Das Team wuchs, und die Analyse der Daten von allen drei Standorten deutete darauf hin, dass die Population die meiste Zeit im nordwestlichen Indischen Ozean, im Arabischen Meer und westlich der Chagos-Inseln verbringen könnte. Es ist seit langem bekannt, dass im nördlichen Indischen Ozean eine einzigartige Population von Blauwalen lebt, aber man nahm an, dass die Wale im Arabischen Meer zu derselben Population gehören, die vor Sri Lanka untersucht wurde und bis in den südlichen Teil des Indischen Ozeans reicht. Die Gesänge erzählen jedoch eine andere Geschichte.

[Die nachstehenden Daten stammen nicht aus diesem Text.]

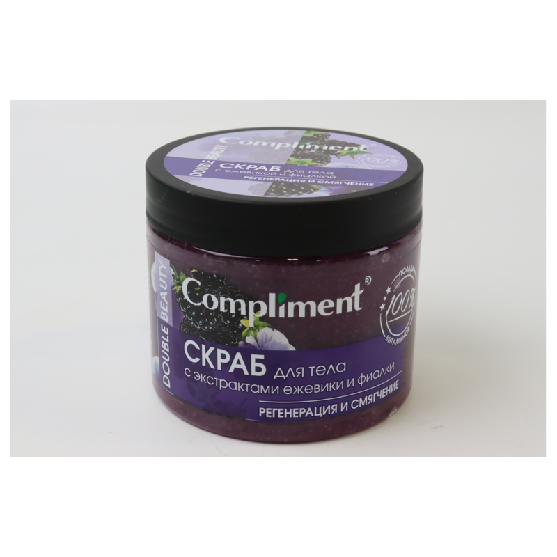 Скраб для тела Compliment Double Beauty с экстрактом ежевики и фиалки объемом 400 мл - это увлажняющее и освежающее средство для ухода за кожей. Его формула, обогащенная натуральными экстрактами ежевики и фиалки, помогает бережно отшелушить и увлажнить кожу, делая её более мягкой и гладкой. После использования этого скраба ваша кожа ощущается освеженной, увлажненной и нежной на ощупь.
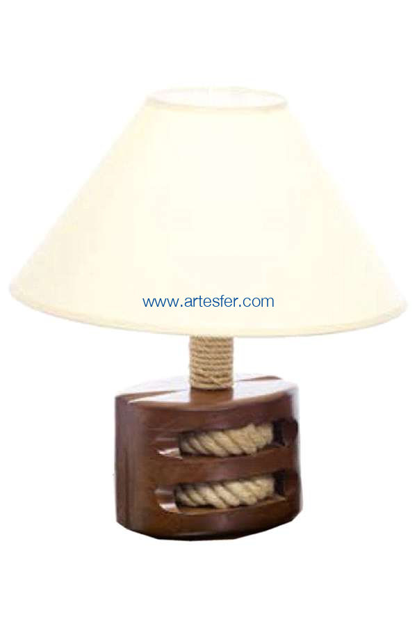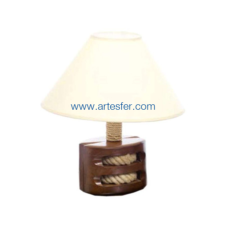Lámpara polea. Lámpara de decoración marina en forma de polea doble, en madera, patinada a la antigua.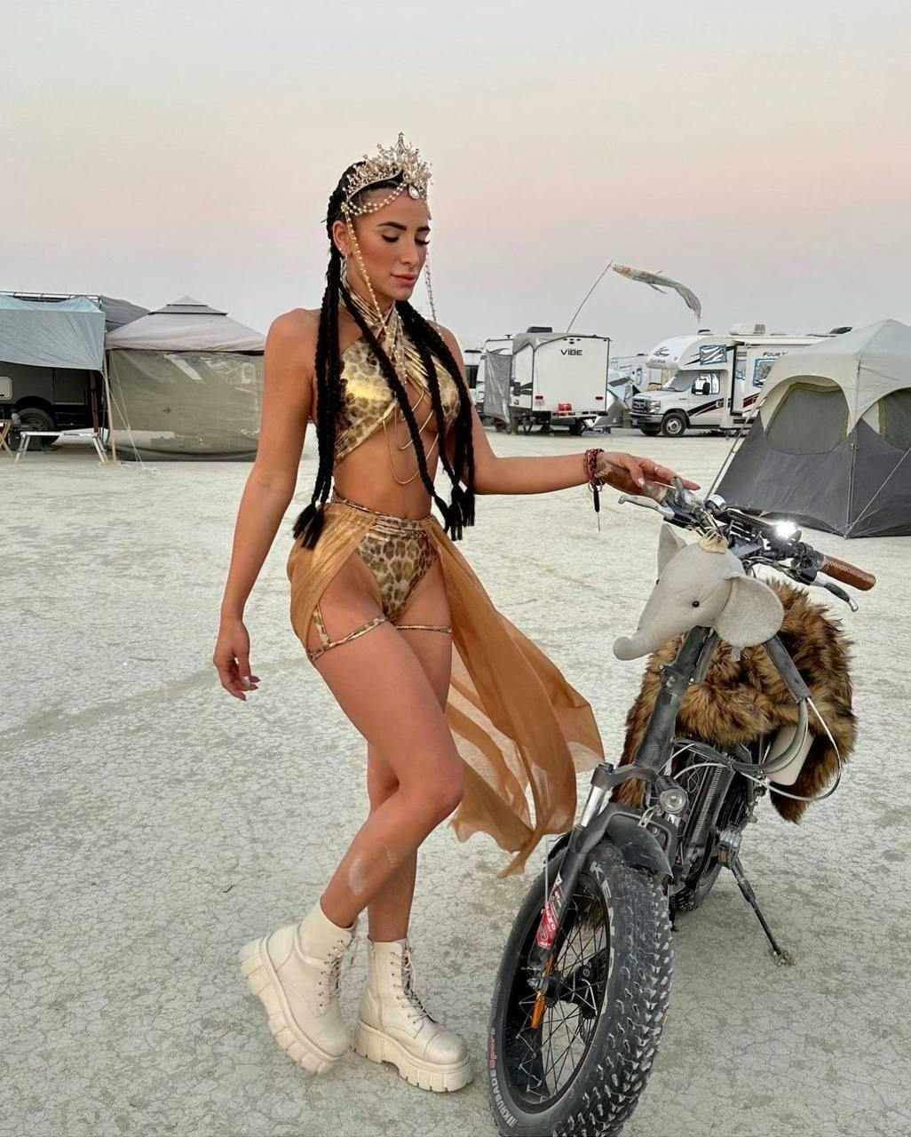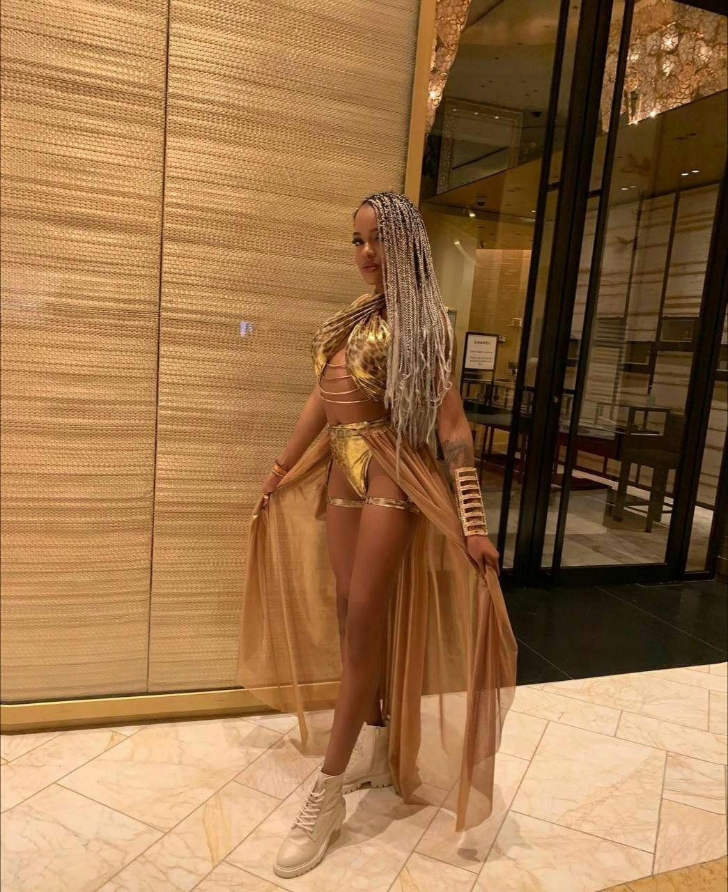 Crafted from the finest spandex and mesh, and adorned with gold-plated brass chains, this ensemble is as durable as it is stunning. For care, hand wash and dry clean only, to preserve the majesty of your attire.

„Vor unseren Aufzeichnungen vor Oman gab es keine akustischen Daten aus dem Arabischen Meer, und so war die Identität dieser Blauwalpopulation zunächst nur eine Vermutung“, sagte Andrew Willson von Five Oceans Environmental Services LLC, der den Einsatz der Aufnahmegeräte leitete. „Unsere Arbeit zeigt, dass es noch viel mehr über diese Tiere zu lernen gibt, und das ist angesichts der vielfältigen Bedrohungen für Großwale im Zusammenhang mit der expandierenden maritimen Industrie in der Region dringend erforderlich.“

Blauwale wurden im 20. Jahrhundert weltweit bis fast zur Ausrottung gejagt, und die Populationen haben sich in den letzten Jahrzehnten nach dem weltweiten Moratorium für den kommerziellen Walfang nur sehr langsam erholt. Das Arabische Meer war in den 1960er Jahren Ziel des illegalen sowjetischen Walfangs, der die wahrscheinlich schon kleinen Populationen von Buckelwalen, Blauwalen, Pottwalen und Brydewalen fast auslöschte.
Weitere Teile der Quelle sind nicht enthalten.